◆ PROBLEM TO SOLVE
Reproduce exactly only the lines from the line that holds "这里展示了在一个数据集上(更适合 kNN)的表现, 紫色为" to the line that holds "These Champion wide", inclusive, in the listing below, and please leave out every picture.

◆ DATA FOR ANALYSIS

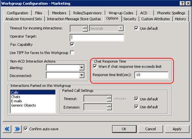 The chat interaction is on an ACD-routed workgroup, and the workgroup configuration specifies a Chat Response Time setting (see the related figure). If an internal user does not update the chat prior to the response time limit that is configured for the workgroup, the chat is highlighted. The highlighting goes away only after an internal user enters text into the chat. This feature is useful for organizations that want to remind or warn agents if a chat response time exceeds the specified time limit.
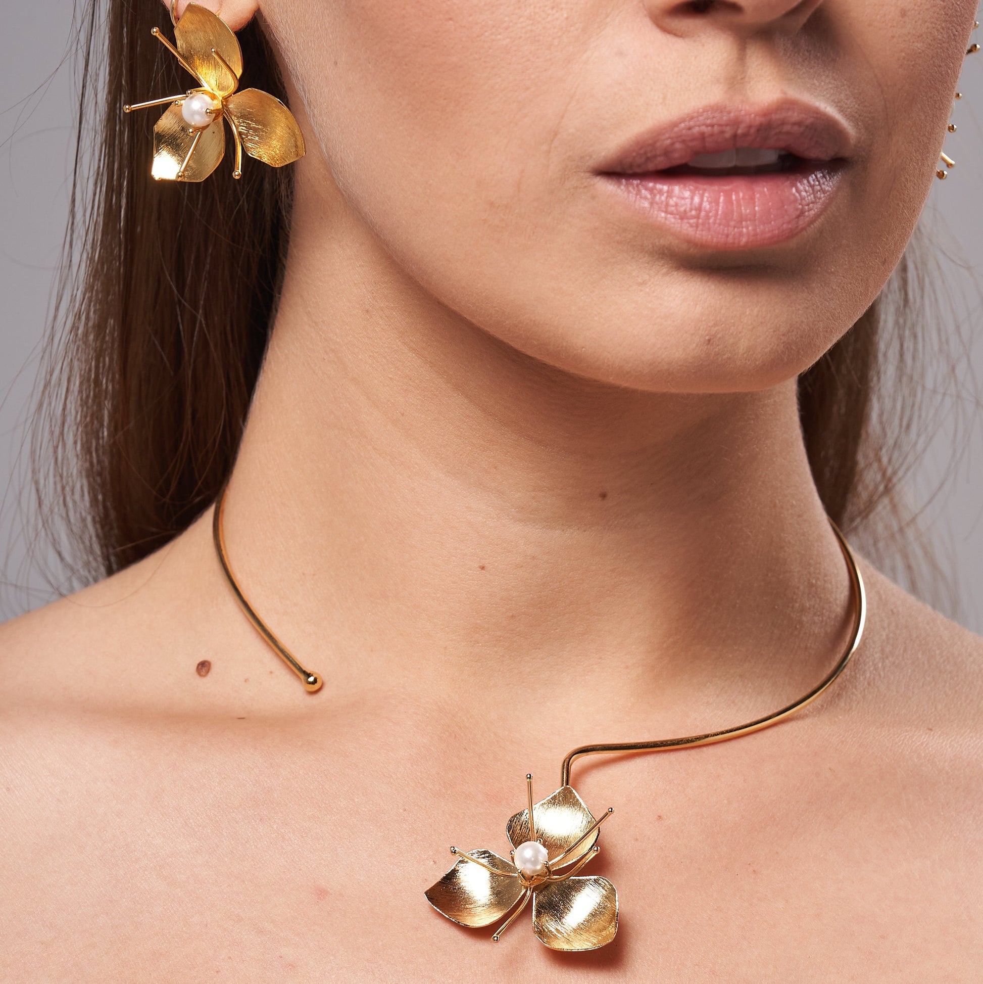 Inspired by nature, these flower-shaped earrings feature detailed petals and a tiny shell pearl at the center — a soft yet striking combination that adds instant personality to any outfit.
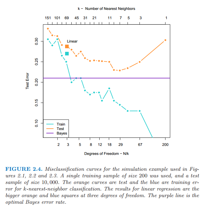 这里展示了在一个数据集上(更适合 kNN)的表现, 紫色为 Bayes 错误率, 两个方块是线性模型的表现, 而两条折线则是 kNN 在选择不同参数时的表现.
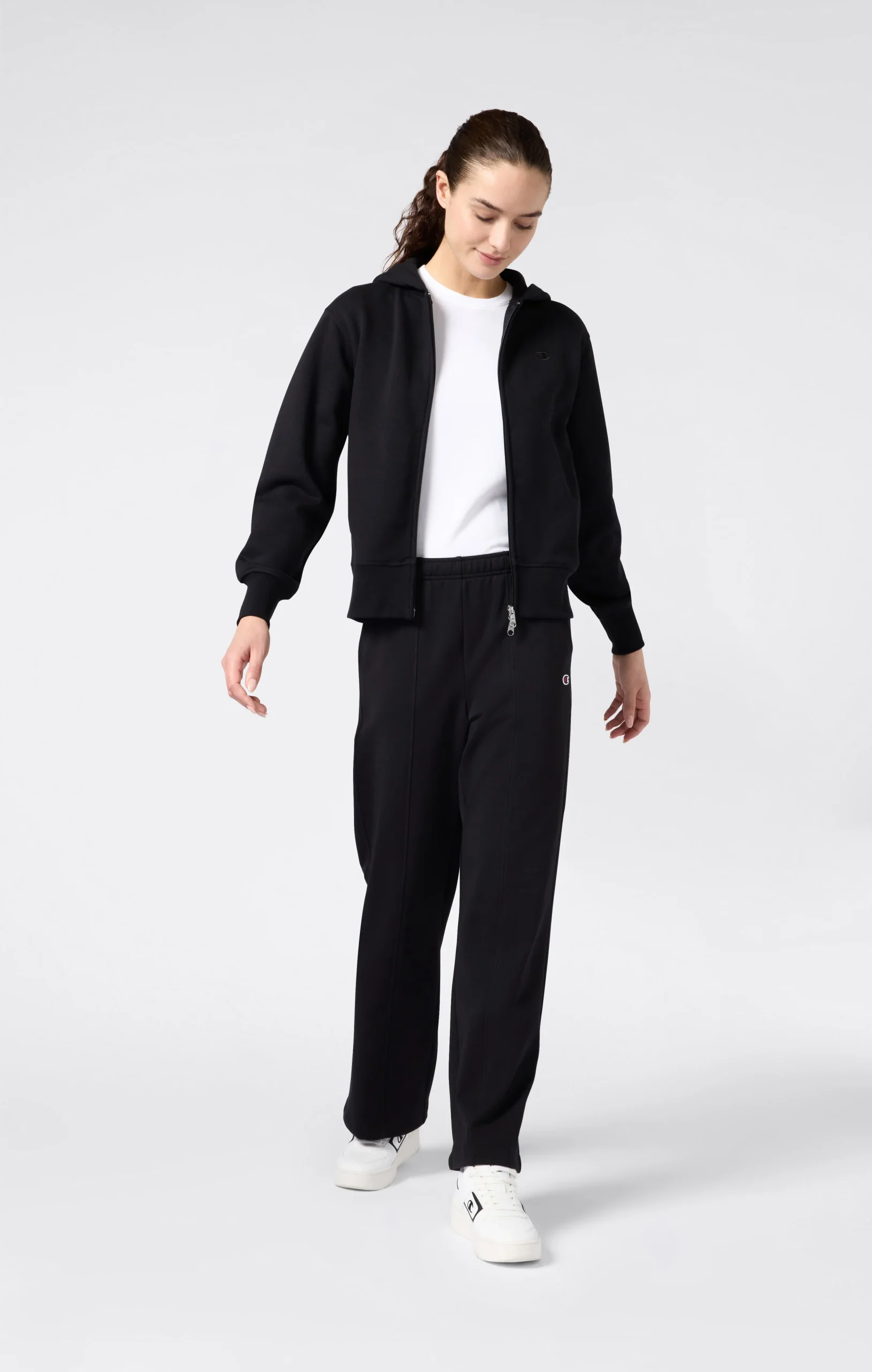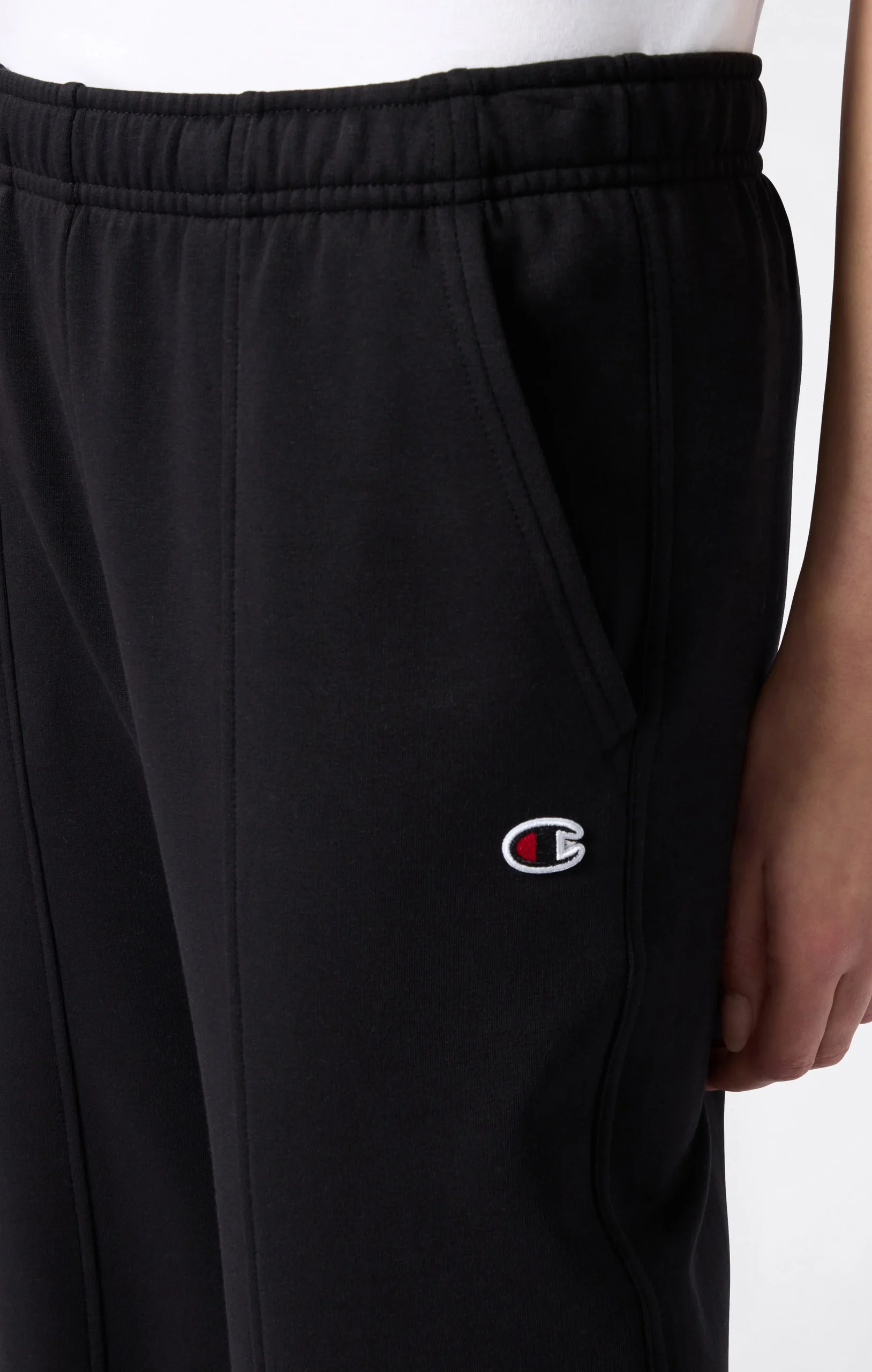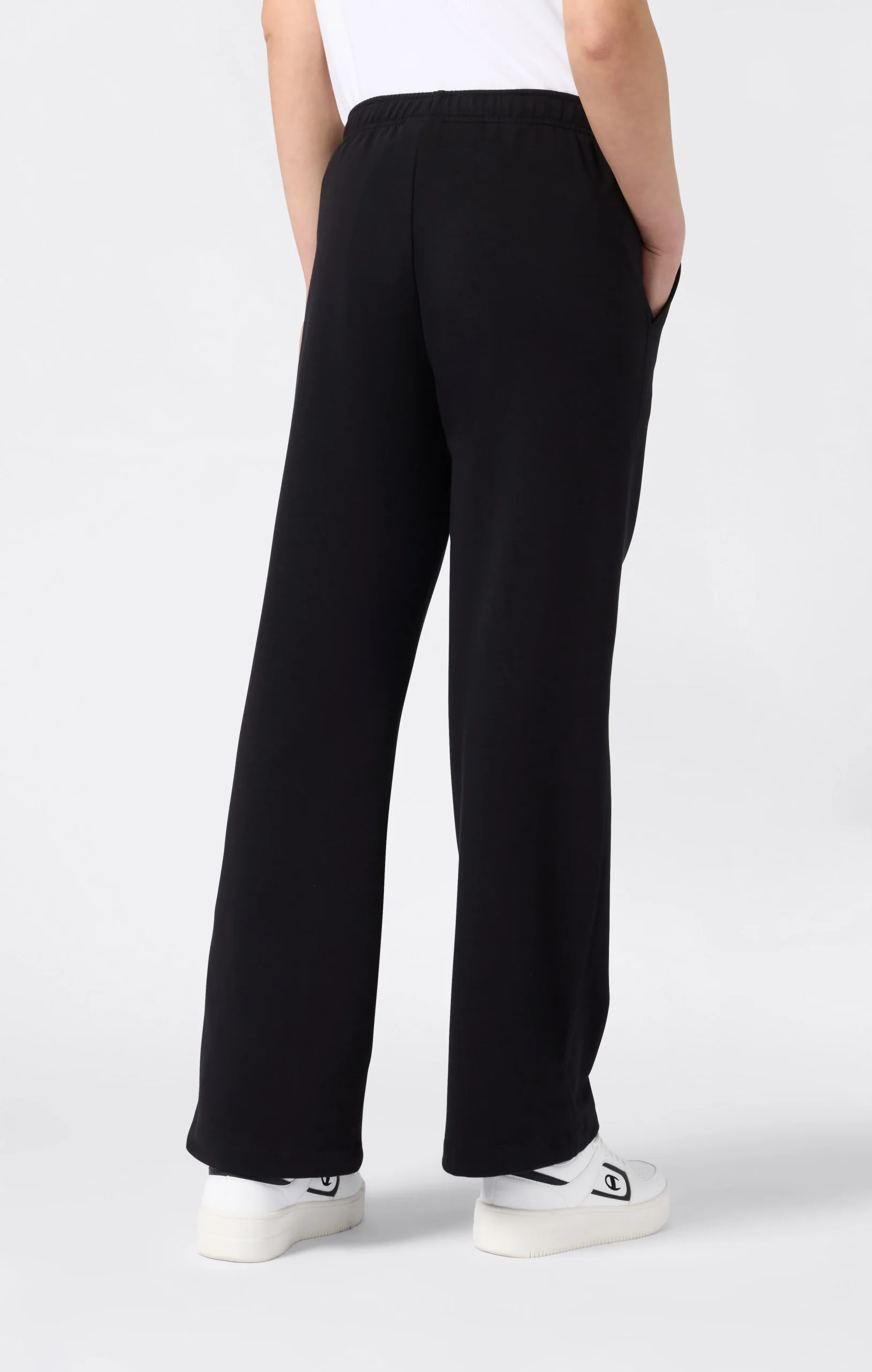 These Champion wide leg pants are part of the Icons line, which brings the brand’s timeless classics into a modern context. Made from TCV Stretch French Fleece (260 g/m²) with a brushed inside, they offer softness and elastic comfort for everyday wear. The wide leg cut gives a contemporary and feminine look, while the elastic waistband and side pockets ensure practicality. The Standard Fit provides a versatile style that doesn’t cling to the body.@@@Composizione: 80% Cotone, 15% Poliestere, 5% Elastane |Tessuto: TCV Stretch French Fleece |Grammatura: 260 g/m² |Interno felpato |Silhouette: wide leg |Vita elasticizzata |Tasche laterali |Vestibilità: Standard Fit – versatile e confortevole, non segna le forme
--
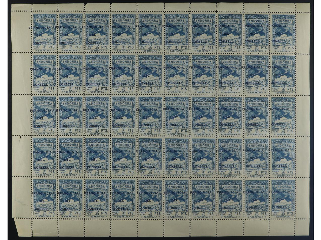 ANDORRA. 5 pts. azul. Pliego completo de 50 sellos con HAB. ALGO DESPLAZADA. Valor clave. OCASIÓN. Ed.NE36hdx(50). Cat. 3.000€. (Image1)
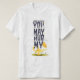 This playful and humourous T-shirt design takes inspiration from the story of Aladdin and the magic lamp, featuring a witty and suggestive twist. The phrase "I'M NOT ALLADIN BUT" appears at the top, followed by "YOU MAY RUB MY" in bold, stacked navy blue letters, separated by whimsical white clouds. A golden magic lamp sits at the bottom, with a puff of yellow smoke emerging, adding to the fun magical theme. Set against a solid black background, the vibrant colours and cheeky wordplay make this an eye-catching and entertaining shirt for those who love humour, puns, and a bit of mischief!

◆ TASK RESPONSE
 这里展示了在一个数据集上(更适合 kNN)的表现, 紫色为 Bayes 错误率, 两个方块是线性模型的表现, 而两条折线则是 kNN 在选择不同参数时的表现.
 These Champion wide leg pants are part of the Icons line, which brings the brand’s timeless classics into a modern context. Made from TCV Stretch French Fleece (260 g/m²) with a brushed inside, they offer softness and elastic comfort for everyday wear. The wide leg cut gives a contemporary and feminine look, while the elastic waistband and side pockets ensure practicality. The Standard Fit provides a versatile style that doesn’t cling to the body.@@@Composizione: 80% Cotone, 15% Poliestere, 5% Elastane |Tessuto: TCV Stretch French Fleece |Grammatura: 260 g/m² |Interno felpato |Silhouette: wide leg |Vita elasticizzata |Tasche laterali |Vestibilità: Standard Fit – versatile e confortevole, non segna le forme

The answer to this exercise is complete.